With renewed vigor, I signed out of school during my planning period on Tuesday and went back to FedEx sure that I would have my visa in no time! I was greeted the same friendly FedEx faces only to be told, “Why didn’t you come this morning, the flight has already left for today.” I didn’t come in the morning because I was working! They told me the next flight was Wednesday morning, but when we started calculating that it would arrive on Friday, I knew that wouldn’t work because the Ghanaian Embassy in Houston is only open Monday through Wednesday from 1-3pm. If sent Wednesday, it would be returned to San Salvador after three days. Finally, we decided that I could fill out all the forms, pay the money. My FedEx friend would keep it for me and mail it on the Friday shipment so that it would arrive on Monday. That’s right. I left my passport in a FedEx envelop with the friendly employee trusting that she’d keep it safe for 3 days and send it out on Friday. I made sure to tell her “Please keep it safe, and don’t forget to send it!” as extra insurance! :)
Over the next few days I dutifully tracked its movement from San Salvador to Houston. On Monday, I received a call from the person with whom I’d been in contact about my rush visa telling me that everything arrived and had been processed successfully, but she was worried that the Ghanaian Embassy in Washington DC would have problems with my Salvadoran giro check I’d sent, so she asked if I had any family in the states that could get a cashier’s check from the bank and send it made out to her name and she’d just send a check herself for me and return the giro so I could redeposit it in my bank account.

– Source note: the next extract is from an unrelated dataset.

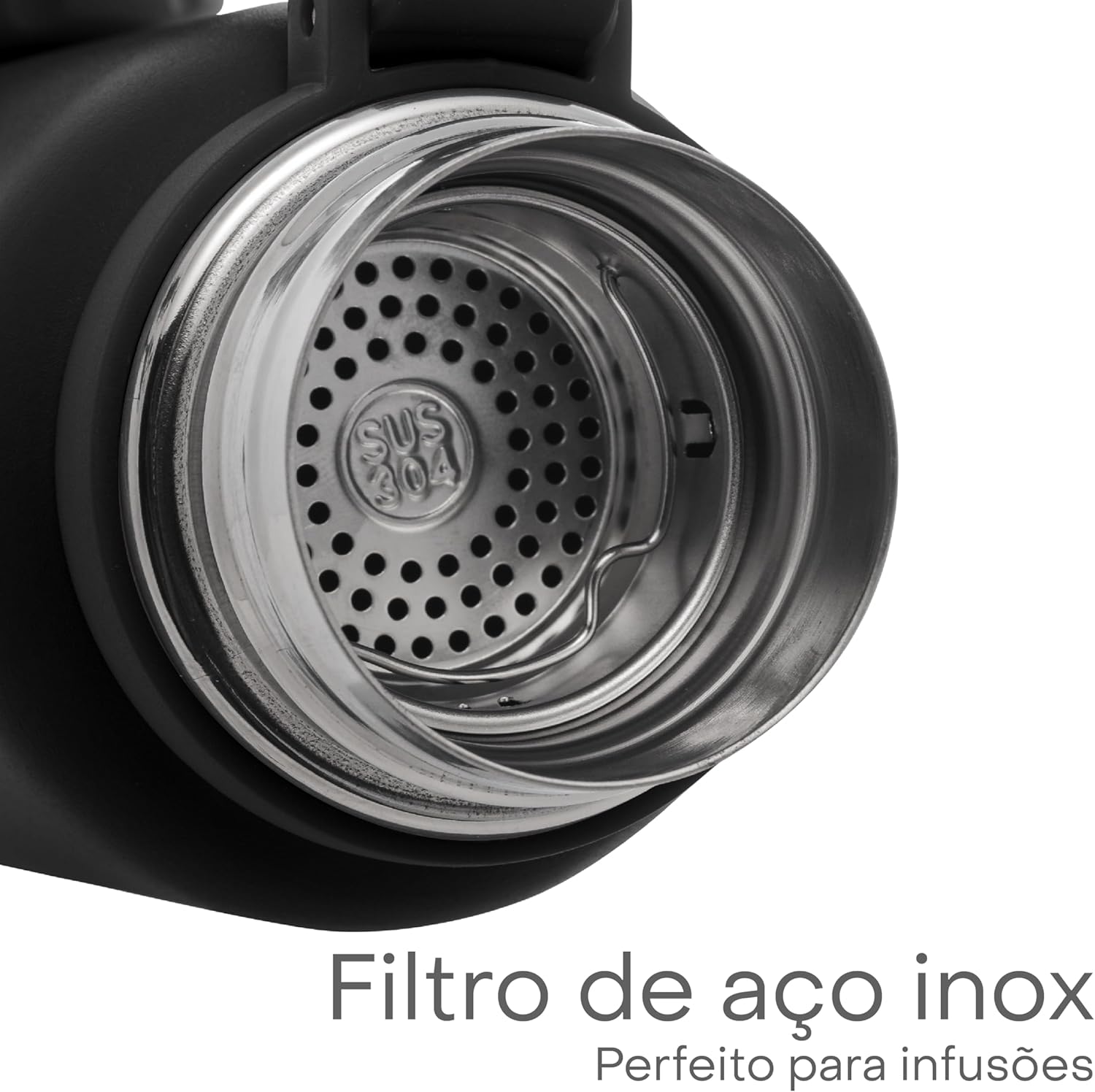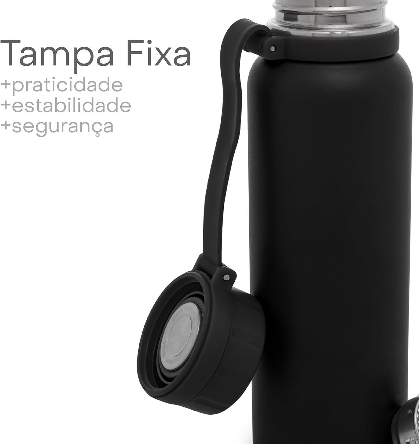 Estilo e elegância: O acabamento em preto oferece um visual moderno e sofisticado, adequado para qualquer ambiente. A garrafa térmica preta é não só funcional, mas também um acessório de estilo que complementa seu dia a dia.

I was overwhelmed by her kindness and trust that I’d actually send her the check for $60! I enthusiastically and gratefully agreed to her suggestion and promised I’d get the check to her as soon as possible.
My passport complete with a shiny Ghanaian visa sticker returned to me in El Salvador safe and sound two days later, so I went directly to pick it up, happy to be in the same country as my passport again only to receive a bonus surprise that they had over-charged the return shipment price by $50, and I get a refund! Sweet, except, I had to have the detailed receipt, and it was definitely at home. Two weeks later, I finally had a free Saturday morning during banking business hours to do redeposit my ill-fated giro and obtain my reimbursement. After explaining the giro situation to a customer service representative, under her advisement I wrote a letter explaining the Ghanaian Embassy wouldn’t accept this perfectly good giro, waited in line to speak with a cashier banker, watched her dutifully fill out three more forms and staple my letter of explanation in Spanish to all the forms the $60 was officially redeposited. I was feeling overly confident thinking I was going to accomplish the FedEx and banking task in the same day, but alas I was wrong. The person who needed to issue the reimbursement isn’t in the office on Saturdays, but I should come back during the week. Needless to say, the following Tuesday, I once again signed out of school during my planning period went back to FedEx and was given my hard-fought $50 reimbursement.
Interestingly enough, this was only one part of planning for the Ghana trip. However, this one (long) snapshot is pretty representative of how each part of the process has been. Trying to find malaria prophylaxis here in El Salvador that works in West Africa, trying to buy a plane ticket with an American credit card, Salvadoran IP address, for a Nigerian passport holder, the surprises never cease! Filled with more obstacles than I could ever imagine but interspersed with unexpected and extravagant acts of kindness, goodness and helpfulness by friends and strangers alike, this is more than trip preparation…this is life!